Stattdessen lenkte die Tiberia nun ab und verwies mich so mehr oder weniger direkt wieder zu meinen beiden Freundinnen Paula und Tusca. Ja, es hörte sich beinahe so an, als könnte sie mich auf einmal nicht schnell genug wieder loswerden, obgleich ich mich dort gerade erst angefangen hatte mich in einem zivilisierten Disput mit ihr zu entspannen. Aus diesem Grund ignorierte ich diese Ausladung auch geflissentlich, wandte mich halb zu meinen beiden Freundinnen um und erklärte: "Meine beiden Freundinnen hier und ich, wir waren ebenfalls gerade auf dem Weg ins Wasser. Es wäre uns eine Freude, euch zu begleiten!", tat ich im Gegenteil so, als hätte ich dies als Einladung verstanden.

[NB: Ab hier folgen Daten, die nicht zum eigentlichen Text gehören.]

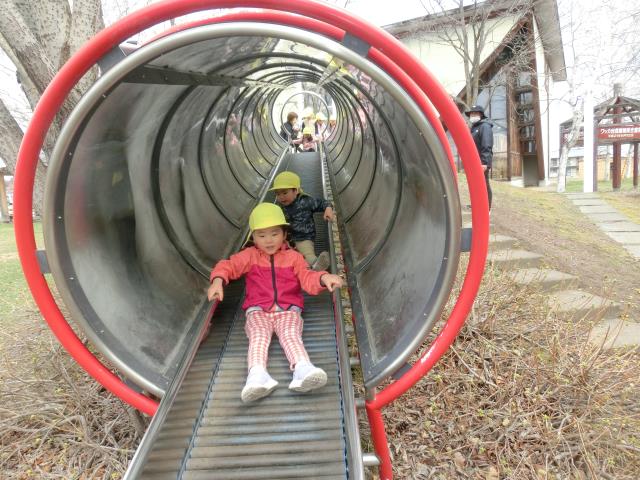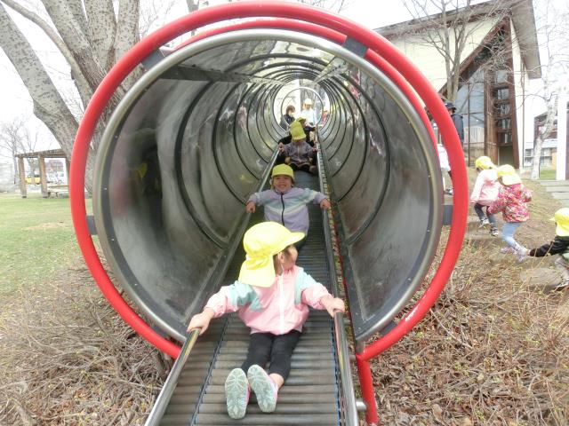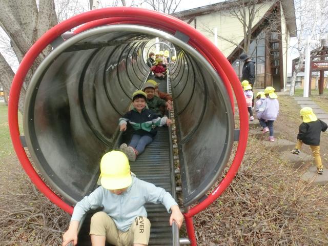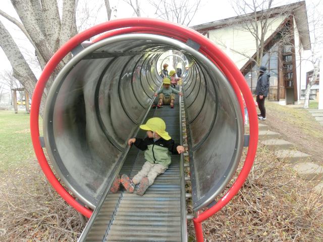 芸文前広場では、念願のローラー滑り台に乗って大喜び!!
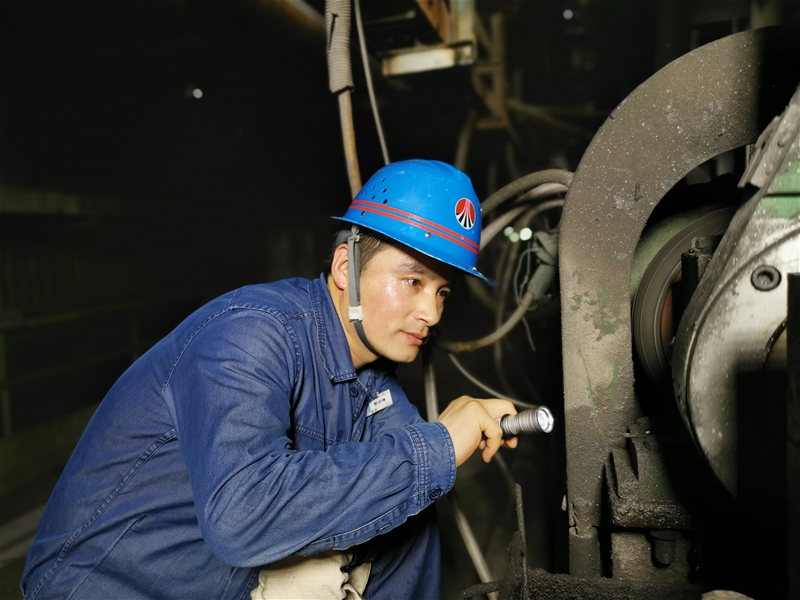 圖十:煉鋼廠連二作業(yè)區(qū)安檢員郭云峰正在對(duì)連鑄振動(dòng)系統(tǒng)進(jìn)行點(diǎn)檢。大負(fù)荷照明燈的強(qiáng)光打在他的臉龐上,他一個(gè)點(diǎn)一個(gè)點(diǎn)地仔細(xì)檢查著,一顆顆滾落的汗珠里,包裹的都是他對(duì)設(shè)備的精心。
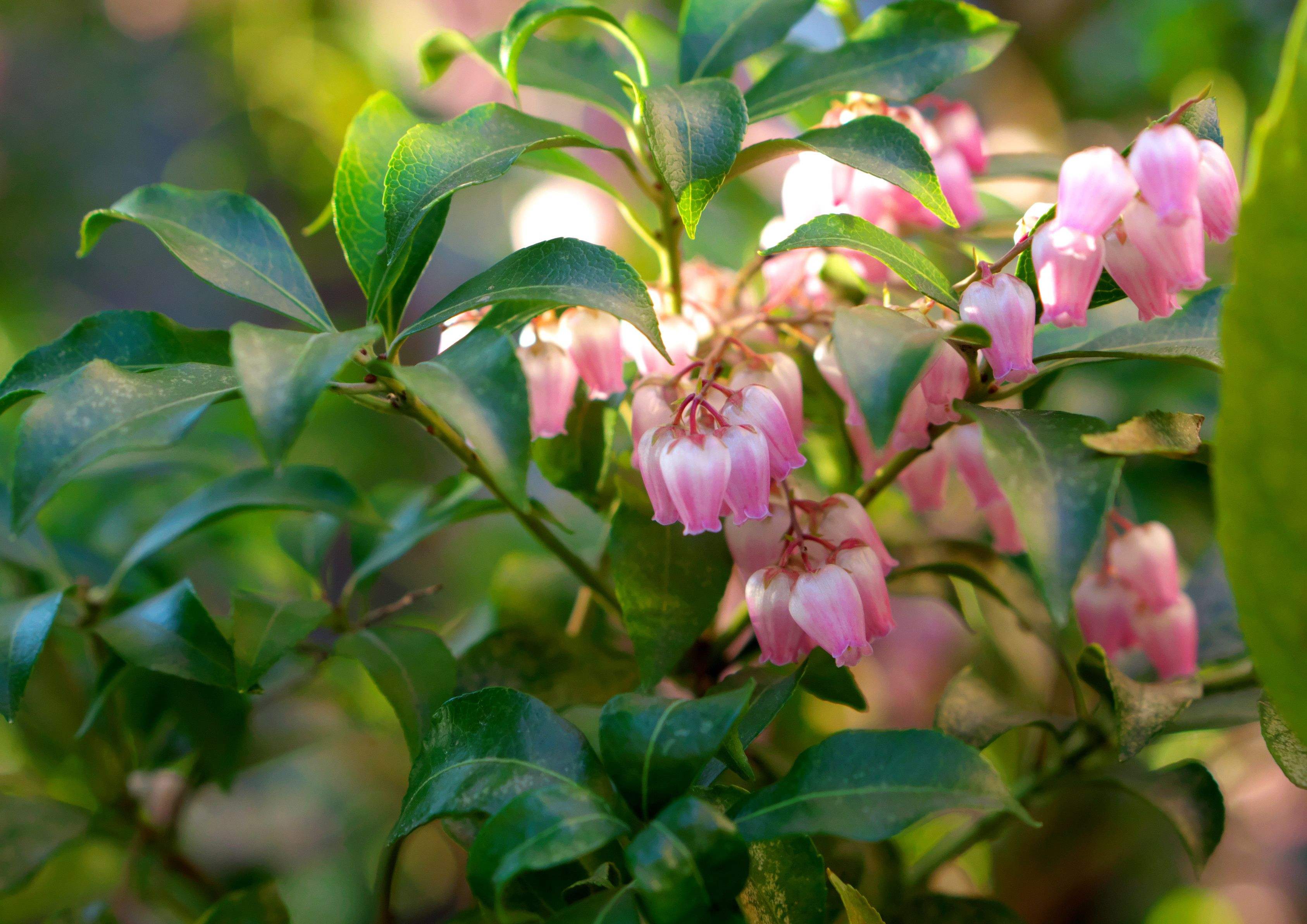 馬酔木の花が夕方の斜光を浴びて綺麗でした。

Dann machte ich bekannt: "Paula, Tusca, das sind die edle Flavia Domitilla und ihre.. Bekannte Tiberia Lucia.", hielt ich mich natürlich an den Rang der Damen und stellte zunächst die Patrizierinnen vor, wobei ich bewusst nur von einer Bekanntschaft zwischen den beiden sprach und keiner Freundschaft. "Flavia, Tiberia, das sind meine beiden Freundinnen Pontia Paula und Titia Tusca." Meine beiden Freundinnen grüßen nahezu synchron mit einem freundschaftlichen "Salvete" und zu dritt schlossen wir uns den beiden Patrizierinnen an.

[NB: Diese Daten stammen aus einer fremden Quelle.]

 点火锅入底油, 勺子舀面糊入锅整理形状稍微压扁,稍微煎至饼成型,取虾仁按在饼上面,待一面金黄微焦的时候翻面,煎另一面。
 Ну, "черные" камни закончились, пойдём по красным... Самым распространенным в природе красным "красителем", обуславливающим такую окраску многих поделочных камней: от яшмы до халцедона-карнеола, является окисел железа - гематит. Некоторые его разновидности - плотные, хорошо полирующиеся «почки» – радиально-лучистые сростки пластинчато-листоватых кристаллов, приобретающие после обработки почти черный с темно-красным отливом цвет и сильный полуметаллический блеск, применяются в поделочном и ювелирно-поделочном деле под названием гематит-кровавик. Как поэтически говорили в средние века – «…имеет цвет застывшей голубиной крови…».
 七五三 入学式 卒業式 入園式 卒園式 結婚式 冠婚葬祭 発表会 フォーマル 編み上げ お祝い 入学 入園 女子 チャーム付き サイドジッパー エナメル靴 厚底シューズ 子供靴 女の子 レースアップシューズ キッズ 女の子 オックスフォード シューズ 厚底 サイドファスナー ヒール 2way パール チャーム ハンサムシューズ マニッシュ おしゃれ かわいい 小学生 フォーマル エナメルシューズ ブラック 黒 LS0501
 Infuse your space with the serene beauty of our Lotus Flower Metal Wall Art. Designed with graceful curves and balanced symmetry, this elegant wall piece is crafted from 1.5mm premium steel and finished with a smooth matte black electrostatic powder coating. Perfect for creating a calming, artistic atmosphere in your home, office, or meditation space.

Bei der kurz darauf folgenden Frage nach zwei anderen Damen, die doch tatsächlich ohne eigenes Personal hier waren, blickte ich nur mitleidig in deren Richtung. Dabei sprach Paula zu Tusca im Flüsterton aus, was auch ich vermutete: "Wer weiß, vielleicht gehören sie zu besonders armen Familien, die sich einfach nicht selbst das geeignete Personal leisten können...." Tusca nickte. "Oder schlimmer noch: Vielleicht sind sie ja noch nichtmal echte Römerinnen...." Schockiert nahm Paula daraufhin die Hand vor den Mund. "Nein!"